The Fair Trade Campaign at ASU is a grassroots movement committed to increasing the availability of fair trade certified products on campus through a partnership with Sun Devil Dining and Aramark. 

Read More: ASU commits to being the largest fair trade-designated university in the U.S.

“I think students are the way forward for this, especially because it's teaching students that conscious consumerism really does matter and you can have an effect,” Simari said. “You can vote with your dollars and create change in this small way, and hopefully a lot of people take this idea and run with it in their lives beyond college.”

Galina Mihaleva, a visiting fashion professor at ASU, incorporates sustainable design into her teaching through a class project where her students use jeans from Goodwill and their own closet to create multifunctional dresses in order to introduce them to the advantages of sustainable design.

“We need to teach them to be responsible, so to rethink before they even start to design,” Mihaleva said. “They need to think about the circle cycle — from where they get the material and what’s happening, to the garment and where the garment will end (up)."

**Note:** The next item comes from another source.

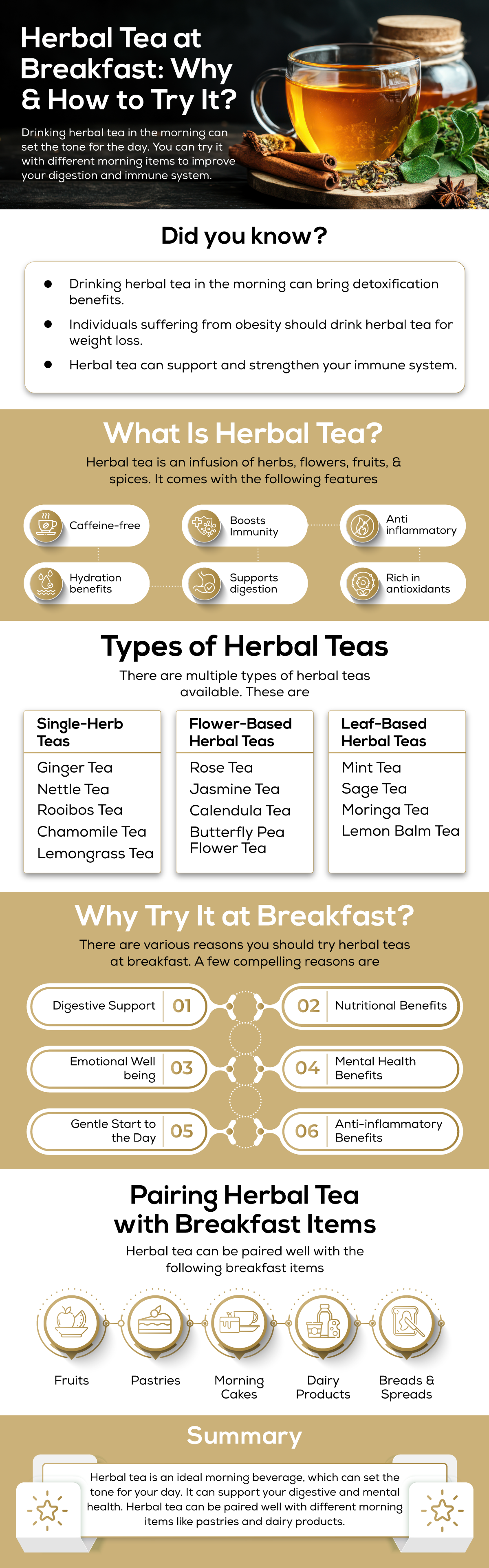 Herbal tea is an ideal morning beverage, which can set the tone for your day. It can support your digestive and mental health. Herbal tea can be paired well with different morning items like pastries and dairy products.

Students are encouraged to use the hashtags #azecofw and #whomademyclothes during the week to participate in the sustainable fashion conversation and to be featured on the Arizona Eco Fashion Week website. 

Simari said responsible fashion goes beyond ecological impact, and she hopes that people will consider that individual purchases can affect every aspect of the fashion production process.

“It's about social justice for child laborers, for the gender wage gap, for women empowerment in developing countries whose societies kind of typically oppressed them,” Simari said. “It’s about sustainability economically and sustainability environmentally."

Although the Fair Trade Campaign at ASU focuses on food, Simari said that clothing is becoming a large part of the fair trade movement.

"There's so much going on with fair trade and there are so many different ways you could play it up and it's amazing to see how many people come together just from this one policy, this one movement," she said.